Is the main difference in performance between JS and the others (Perl, Ruby, PHP) the fact that JS is JIT'ed and the others are not? I mean JS used to be slowish and until V8 came, what is V8 doing? Why can't Python / Ruby do the same thing?
Not sure - Google pouring money into faster JavaScript execution is probably a big reason, but maybe JavaScript's comparative simplicity and fewer built-ins make it easier to get more out of it?
My understanding is that the main obstacle to higher performance Python is the huge value of preexisting extensions written in C. Maintaining compatibility with existing C extensions, or at least minimizing the porting effort for such extensions, puts a lot of constraints on the solution space.
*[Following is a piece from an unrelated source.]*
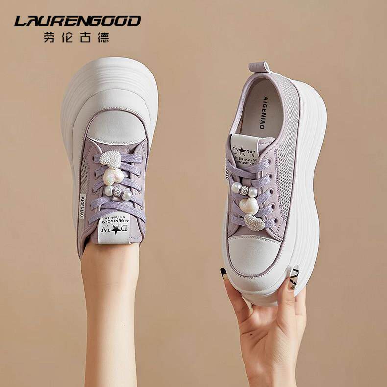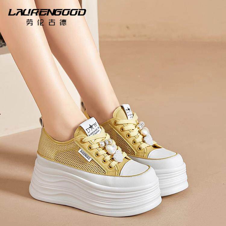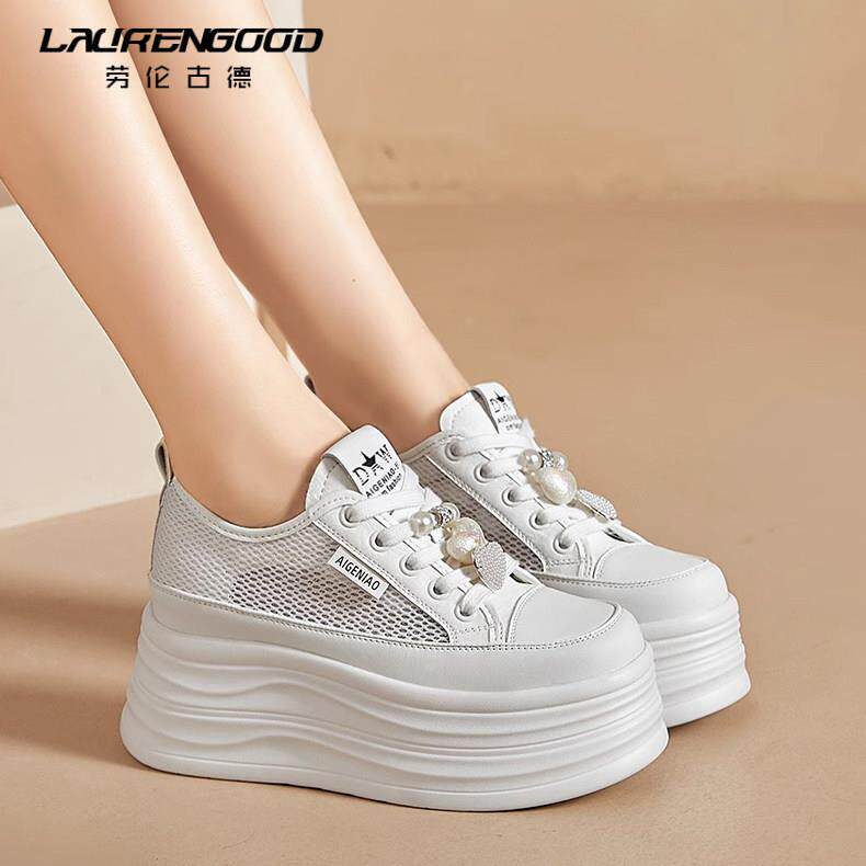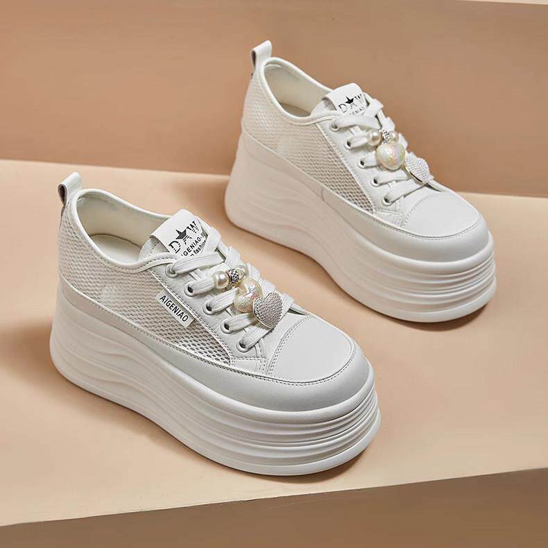 厚底小白鞋女款网面透气百搭爆款板鞋时尚软底小个子内增高鞋子女

I think one could radically change the way Python objects work internally, and have the C foreign function interface (FFI) wrap every object passed to a C extension in an API/ABI-preserving facade (which itself would wrap any objects returned from its methods). However, this would probably greatly slow down C extensions, which are often performance-critical sections of Python applications. It's also possible that there are portions of the C extension API that expose enough details of object internals to even make such facades herculean to implement. (I've only written some small simple C extensions and am not very familiar with the API.)
V8 didn't have to deal with API/ABI compatibility with any preexisting C extensions that may have made too many abstraction-violating assumptions about how objects and the VM worked.
Breaking too many important C extensions would almost certainly send Python the way of Perl 6.
Edit: as an aside, a big difficulty with JS is that objects can have their prototype changed arbitrarily at runtime. Even with Metaclass programming in Python, the class of an object can't be changed after creation, making it much easier to cache/memoize dynamic method dispatch. On the other hand, high performance implementation of Python's bound methods require a bit more flow analysis than you need in JS. In Python, if you write f = x.y, f is a "bound method" (a closure that ensure x is passed as "self" to y). It's expensive to create closures for each and every method invocation, so a high performance implementation would need to do a bit of static analysis to identify which method look-ups are used purely for invocation, and which look-ups need to create the closures because the method itself is passed around or stored in a variable.
HPy is building an API abstraction layer which is designed to be used with both the CPython API and JITs. However, IIUC they are not proposing any changes to CPython itself, but rather to provide a smaller API surface and fewer JIT impedance mismatches when extensions are built against something other than CPython. The lead developer is a longtime PyPy developer.